▶ INSTRUCTIONS TO FOLLOW: Leave every picture out and print exactly the lines that run from the one containing "Dit huis verwelkomt" to the end of the listing.

▶ SOURCE MATERIAL:
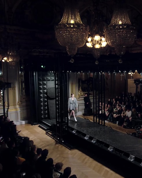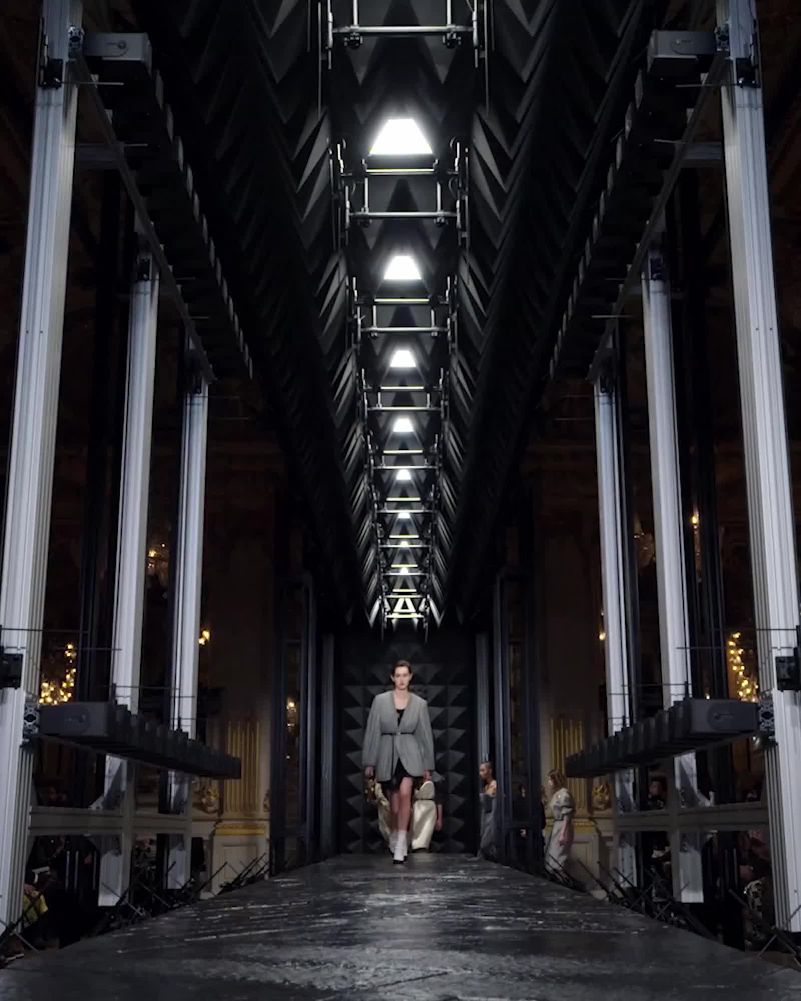 オルセー美術館で発表された、2023秋冬ウィメンズ・コレクション。ニコラ・ジェスキエールは、フランスを代表するアーティストのフィリップ・パレーノとサウンドデザイナーのニコラ・ベッカーとのコラボレーションで、没入型の舞台演出をイメージ。幾何学的なライン、パリの街並み、そしてキュレーションされたサウンド体験が特徴的な舞台セットなど、デザイン全体がパリに命を吹き込みました。モデルの鼓動や足音を増幅させたライブサウンドと街の音の融合は、ショーと周囲の環境との間に対話を生み出しました。
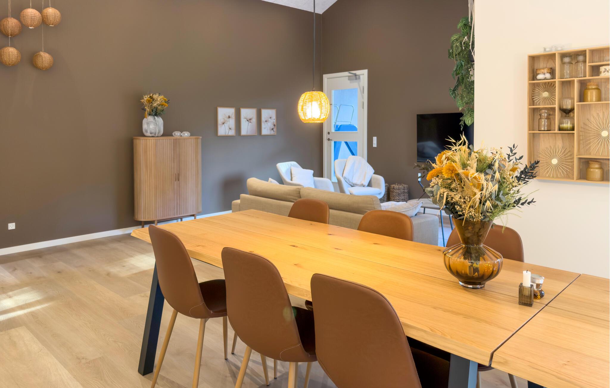 Dit huis verwelkomt je met een combinatie van helder design, subtiele kleuren en modern meubilair. Hier vind je een plek waar je tot rust kunt komen en ontspannen dagen kunt doorbrengen, of je nu een leuke spelletjesavond hebt, een podcast streamt of geniet van uren speelplezier in het zoutwaterzwembad.
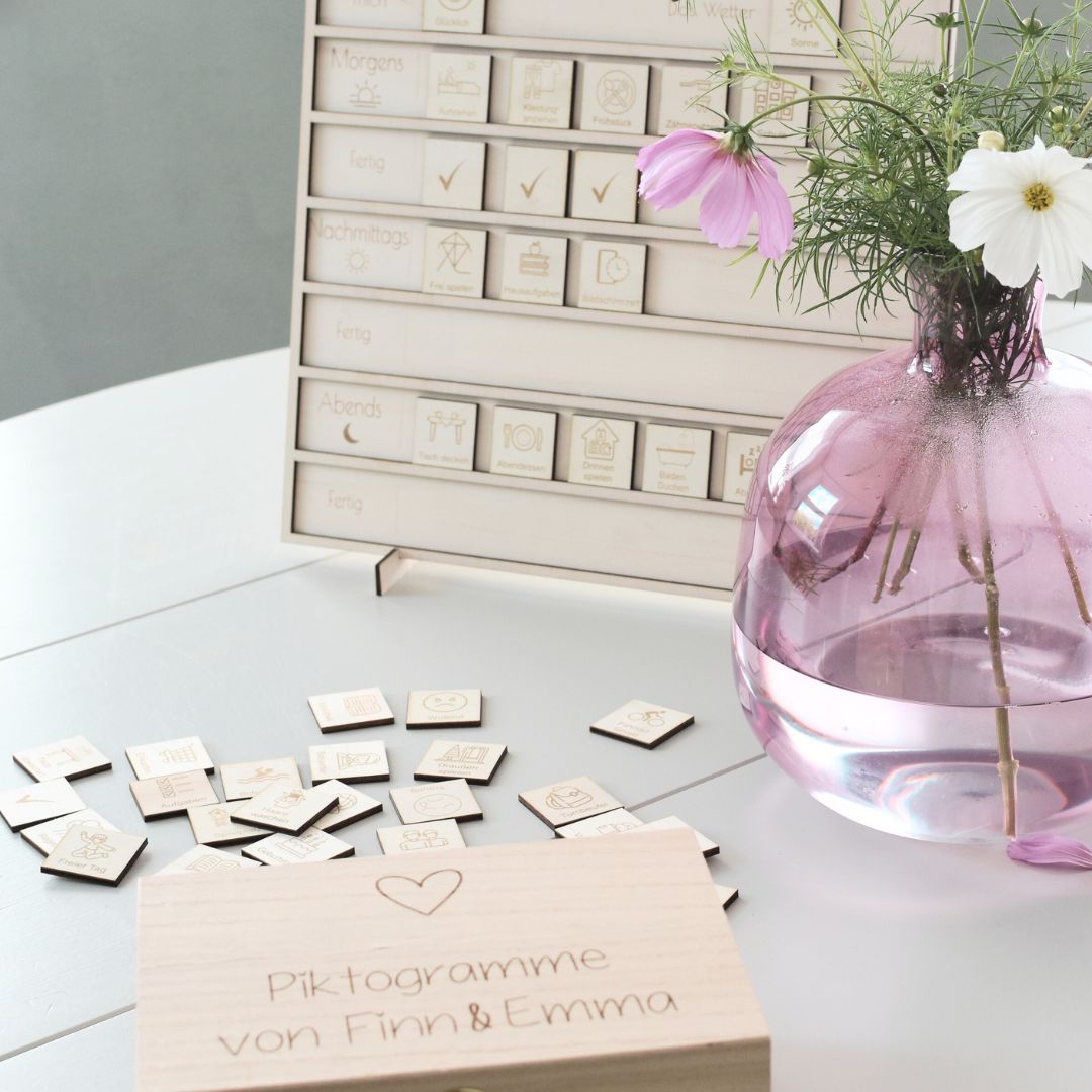 Der Alltag mit Kindern kann voller Überraschungen sein – und manchmal auch unübersichtlich. Unser Holz-Tagesplaner für Kinder bringt Schritt für Schritt Klarheit in den Tag. Mit 46 liebevoll gestalteten Piktogrammen lernen Kinder, den Ablauf ihres Tages zu verstehen und sich sicher zu fühlen.

▶ WRITTEN ANSWER:
 Dit huis verwelkomt je met een combinatie van helder design, subtiele kleuren en modern meubilair. Hier vind je een plek waar je tot rust kunt komen en ontspannen dagen kunt doorbrengen, of je nu een leuke spelletjesavond hebt, een podcast streamt of geniet van uren speelplezier in het zoutwaterzwembad.
 Der Alltag mit Kindern kann voller Überraschungen sein – und manchmal auch unübersichtlich. Unser Holz-Tagesplaner für Kinder bringt Schritt für Schritt Klarheit in den Tag. Mit 46 liebevoll gestalteten Piktogrammen lernen Kinder, den Ablauf ihres Tages zu verstehen und sich sicher zu fühlen.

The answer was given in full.